Ilex crenatea 'Drops of Gold' (Japanese Holly)

Ilex crenatea ‘Drops of Gold’ (Japanese Holly)

Mounds of Lychnis coronaria (Rose Campion) catch late afternoon sunlight along the Southern side path.

Lychnis coronaria (Rose Campion)

Lychnis coronaria (Rose Campion)

A pot of mixed sedum adds texture and interest to a corner just inside the garden gate.

Mixed Sedum

Mixed Sedum

Fern-like leaves of Tanacetum vulgare (Tansy) offer surprisingly fresh greenery to the southwest corner.

Tanacetum vulgare (Tansy)

Tanacetum vulgare (Tansy)

Daffodils already are sending up leaves beneath the brittle canes of Lantana camara (Common lantana). The lantana will be pruned back hard in early spring.

Daffodil

Daffodil

This cheerful little mound of green is Iberis Sempervirens. Although Iberis died out in the meditation circle this summer, it is growing in several other spots around the garden. This one may be blooming soon.
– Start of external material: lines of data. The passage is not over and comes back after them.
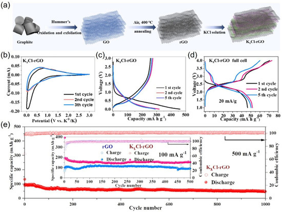 Figure 7. (a) Schematic of the synthesis process of KxCl-rGO electrode; (b) CV curves of KxCl-rGO as PIB anodes in half cells at a scan rate of 0.1 mV s−1; (c) galvanostatic discharge and charge profiles for the first five cycles of the KxCl-rGO electrode at a current density of 20 mA g−1; (d) galvanostatic charge–discharge curves of the KxCl-rGO K-ion full batteries at a current density of 20 mA g−1; (e) cycling performance and corresponding Coulombic efficiency of freestanding KxCl-rGO electrode at 500 mA g−1. Adapted with permission from Ref. [26]. Copyright 2025 Elsevier.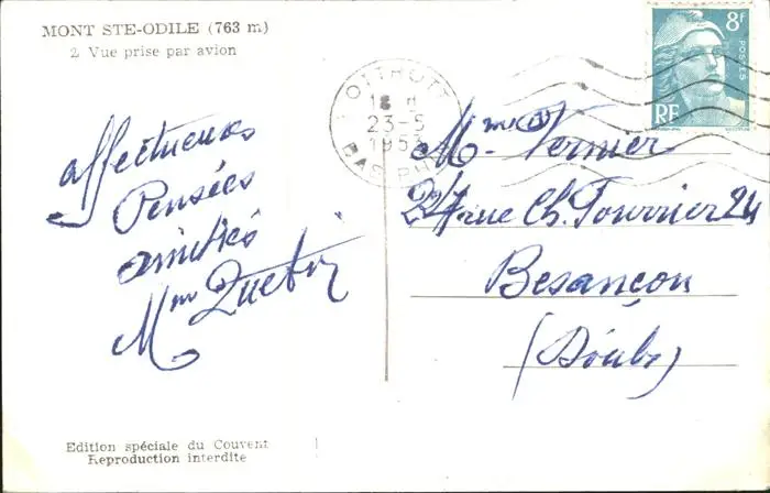Mont-Ste-Odile Mont-Sainte-Odile Couvent vue aerienne Kloster Rhinau postalisch gelaufen 1953 Erhaltung siehe scans Alte Ansichtskarte Postkarte hz Fhwoer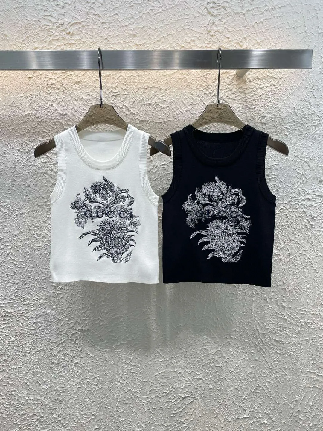 Hochwertige Gucci-Weste im weißen Strick-Monogramm-Stil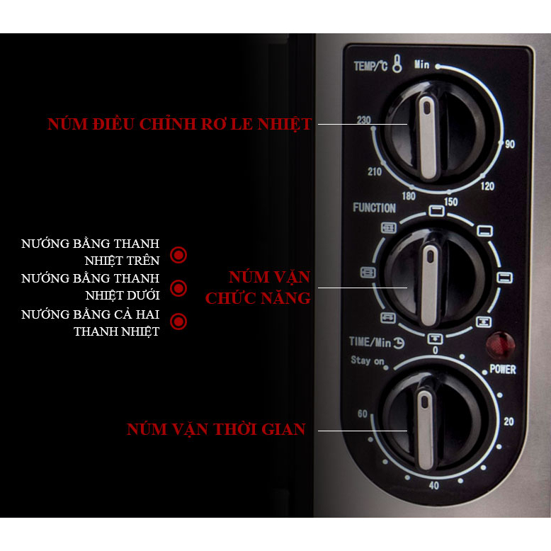- Chức năng nướng: Nướng trên; nướng dưới; nướng trên + dưới; nướng trên dưới đối lưu; nướng trên đối lưu; nướng trên xiên quay; nướng trên + dưới xiên quay; nướng trên + dưới xiên quay + đối lưu

Iberis Sempervirens (Candytuft)

This potted geranium’s leaf is punctuated with tangerine edges and strongly outlined veins.

Pelargonium (Geranium)

Pelargonium (Geranium)

Thanks to Christina of Creating My Own Garden of the Hesperides for hosting Garden Bloggers Foliage Day (GBFD) each month. Check out her foliage observations and those of other GBFD participants.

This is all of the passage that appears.